##### EXTRACTED DATA #####
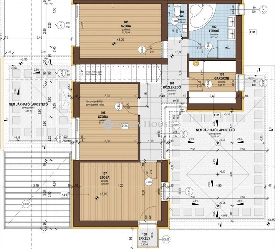 Burkolatok: magas minőségű kerámia padló és falburkolatok valamint laminált parketta
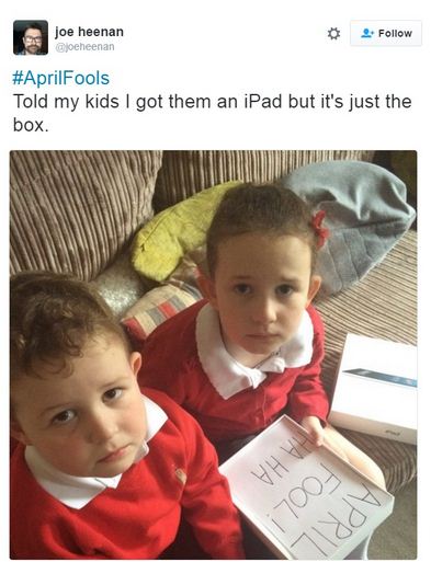 The kids apparently not pleased with the April Fools' day prank reacted by giving their dad an unforgiving look which has been described as 'the classic stare' by some social media users.
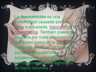 La desnutrición es causada por una dieta inadecuada y puede afectar factores sociales, psiquiátricos o de salud. Provoca niños delgados y enfermizos con problemas de aprendizaje y desarrollo. La desnutrición crónica causa retrasos en el crecimiento y capacidades físicas e intelectuales. Se puede prevenir con una alimentación variada y nutritiva desde la infancia.
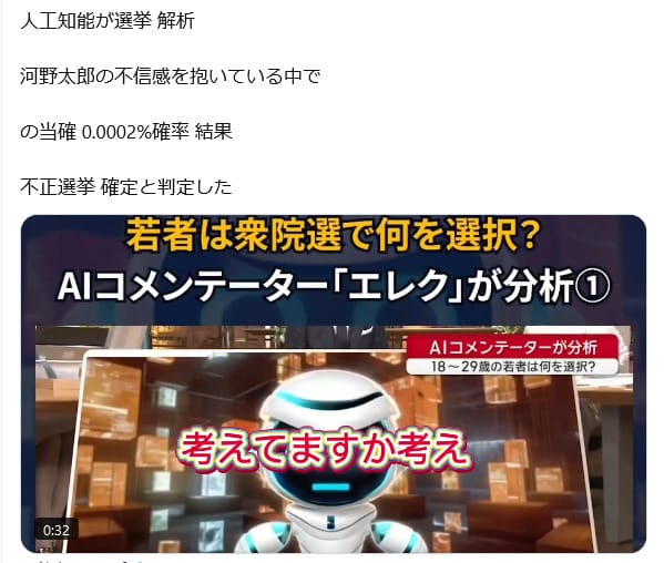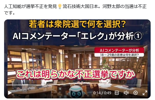 2024年10月29日、テレビ朝日の選挙特番「選挙ステーション」でコメンテーター役を務めたAIが「人工知能が選挙解析 不正選挙 確定と判定した」「人工知能が選挙不正を発見 河野太郎の当選は不正です」などと発言する動画主張する動画が拡散した(例1、例2)。
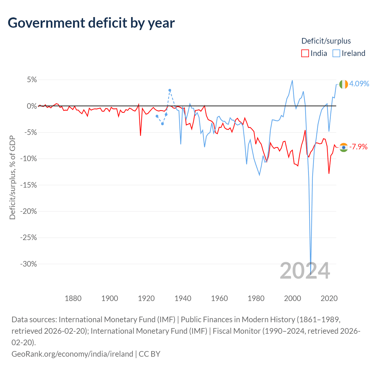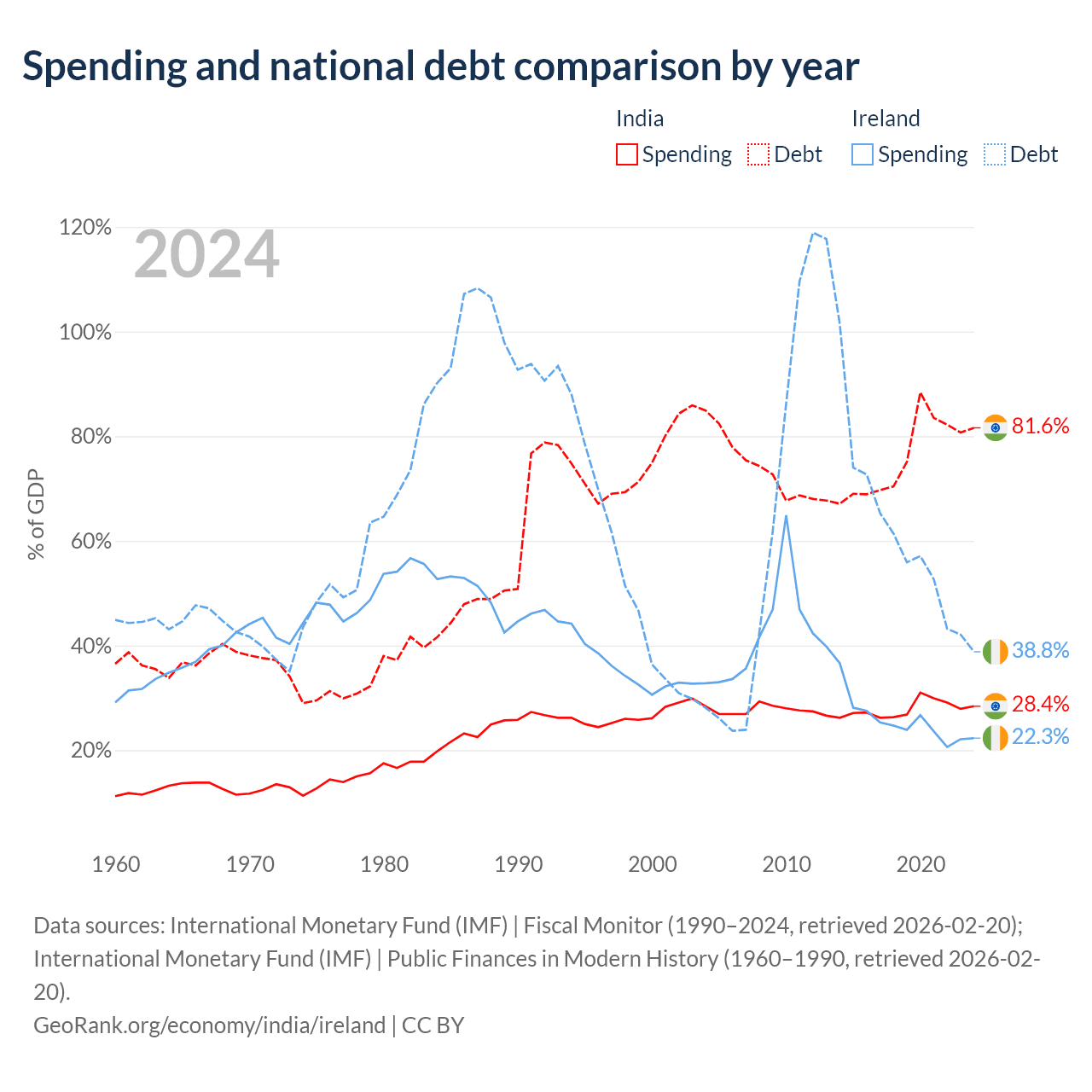 India has $3.19T in government debt (81.6% of GDP), compared to $236B (38.8% of GDP) in Ireland.
#####
PROMPT:
Where a picture appears, omit it, and otherwise retype the material exactly.

ANSWER TO THIS PROBLEM:
 Burkolatok: magas minőségű kerámia padló és falburkolatok valamint laminált parketta
 The kids apparently not pleased with the April Fools' day prank reacted by giving their dad an unforgiving look which has been described as 'the classic stare' by some social media users.
 La desnutrición es causada por una dieta inadecuada y puede afectar factores sociales, psiquiátricos o de salud. Provoca niños delgados y enfermizos con problemas de aprendizaje y desarrollo. La desnutrición crónica causa retrasos en el crecimiento y capacidades físicas e intelectuales. Se puede prevenir con una alimentación variada y nutritiva desde la infancia.
 2024年10月29日、テレビ朝日の選挙特番「選挙ステーション」でコメンテーター役を務めたAIが「人工知能が選挙解析 不正選挙 確定と判定した」「人工知能が選挙不正を発見 河野太郎の当選は不正です」などと発言する動画主張する動画が拡散した(例1、例2)。
 India has $3.19T in government debt (81.6% of GDP), compared to $236B (38.8% of GDP) in Ireland.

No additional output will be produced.